__Data below__
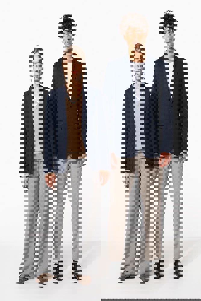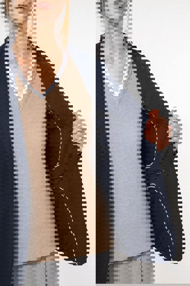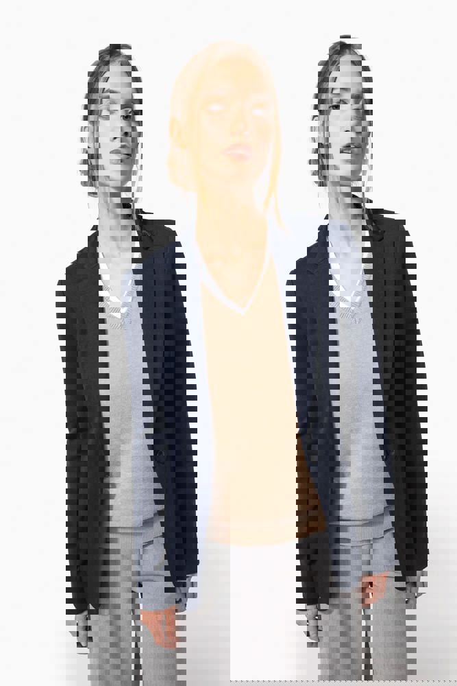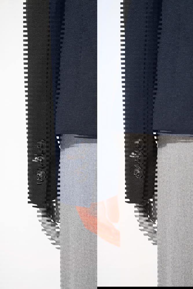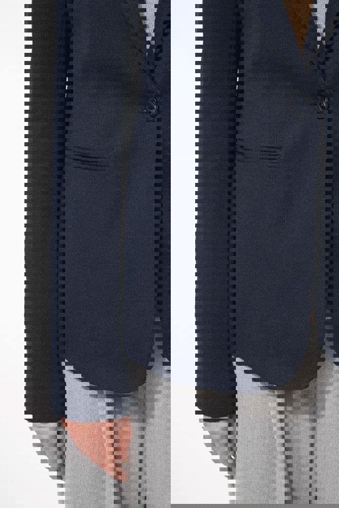 80% polyester / 18% katoen / 2% elasthan (Night navy heather) - 74% polyester / 24% viscose / 2% elasthan (Light grey heather). Interlock. Voering lichaam van polykatoen en mouwen van taffetas polyester. Jas met 1 knoop. 2 omzoomde zakken aan de voorkant. 1 binnenzak met knoop. Contrasterende bies aan de binnenkant vooraan. Mouwuiteinde met 3 knopen, waarvan 1 met contrasterend knoopsgat. 1 ruimtesplit op de achterkant. 1 blinde drukkersrits binnenin aan de voorkant links.
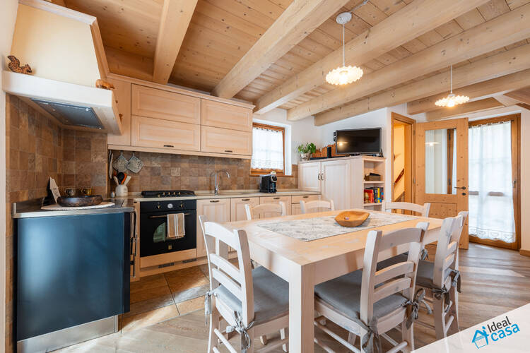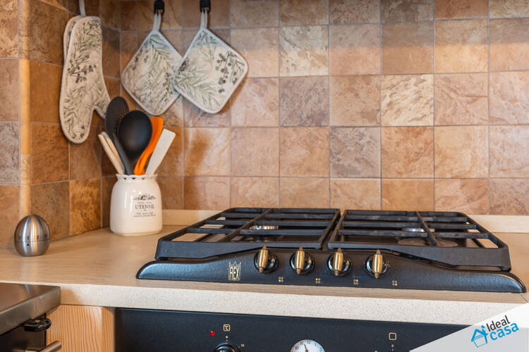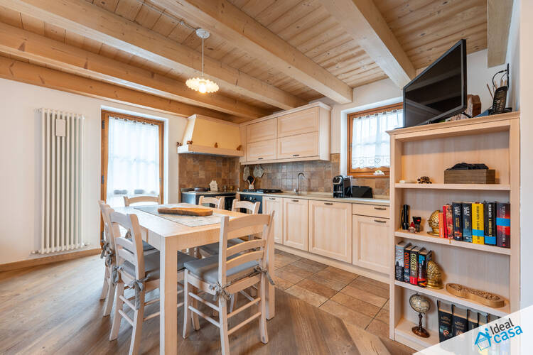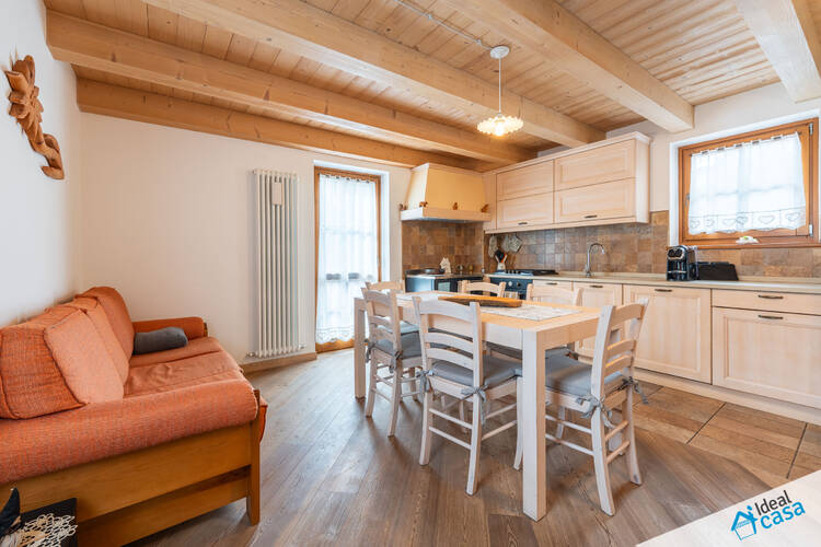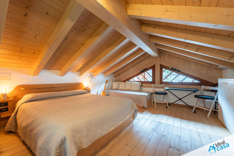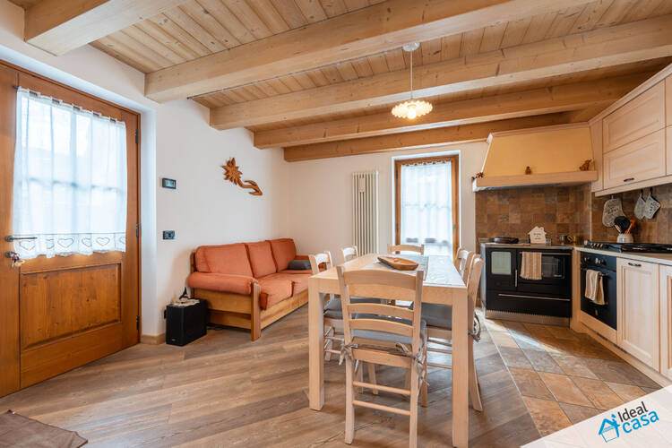L'abitazione si sviluppa su più livelli: al piano terra troviamo una spaziosa camera da letto e un bagno; al primo piano si apre la zona giorno con angolo cottura, accesso ad un balcone esposto a sud ed a una spaziosa terrazza; al secondo piano è presente una soffitta ristrutturata, attualmente attrezzata con letto matrimoniale.
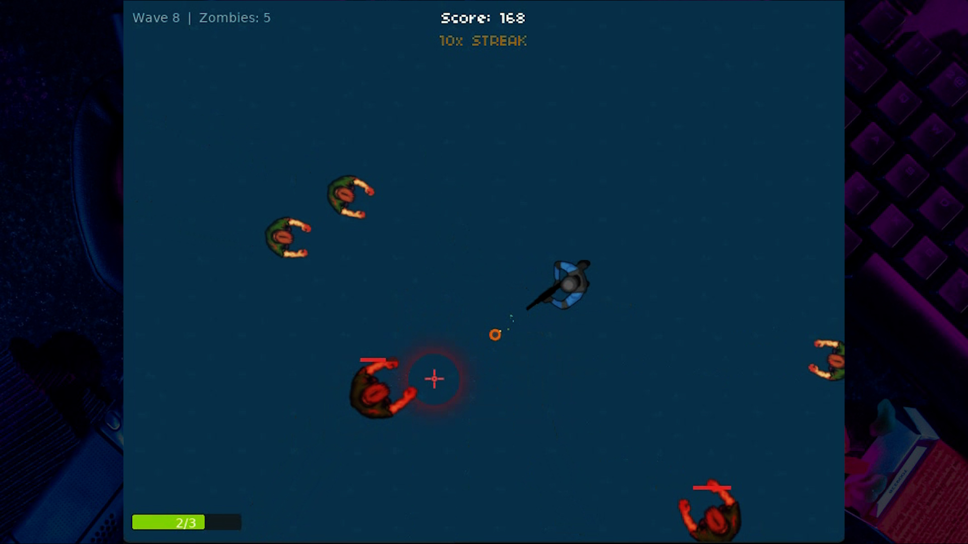 Top-down zombie survival shooter where you fight endless waves of the undead. How long can you survive?
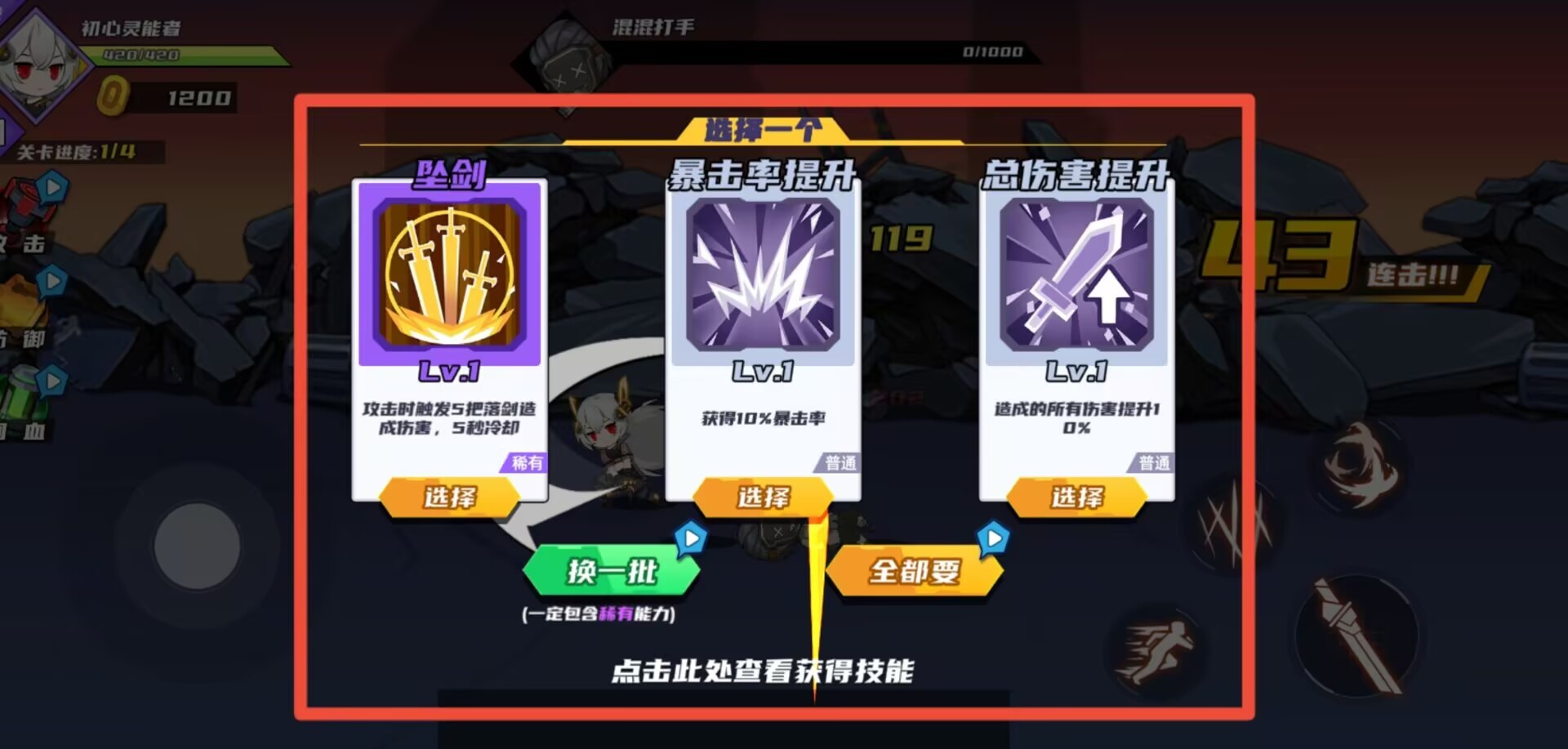 3、成功击败特定数量敌人后,系统将提供三个随机技能选项供选择强化,不满意可刷新替换。

__Exercise description__
Every line of the data above should be quoted exactly. Omit the pictures.

__Task response__
 80% polyester / 18% katoen / 2% elasthan (Night navy heather) - 74% polyester / 24% viscose / 2% elasthan (Light grey heather). Interlock. Voering lichaam van polykatoen en mouwen van taffetas polyester. Jas met 1 knoop. 2 omzoomde zakken aan de voorkant. 1 binnenzak met knoop. Contrasterende bies aan de binnenkant vooraan. Mouwuiteinde met 3 knopen, waarvan 1 met contrasterend knoopsgat. 1 ruimtesplit op de achterkant. 1 blinde drukkersrits binnenin aan de voorkant links.
L'abitazione si sviluppa su più livelli: al piano terra troviamo una spaziosa camera da letto e un bagno; al primo piano si apre la zona giorno con angolo cottura, accesso ad un balcone esposto a sud ed a una spaziosa terrazza; al secondo piano è presente una soffitta ristrutturata, attualmente attrezzata con letto matrimoniale.
 Top-down zombie survival shooter where you fight endless waves of the undead. How long can you survive?
 3、成功击败特定数量敌人后,系统将提供三个随机技能选项供选择强化,不满意可刷新替换。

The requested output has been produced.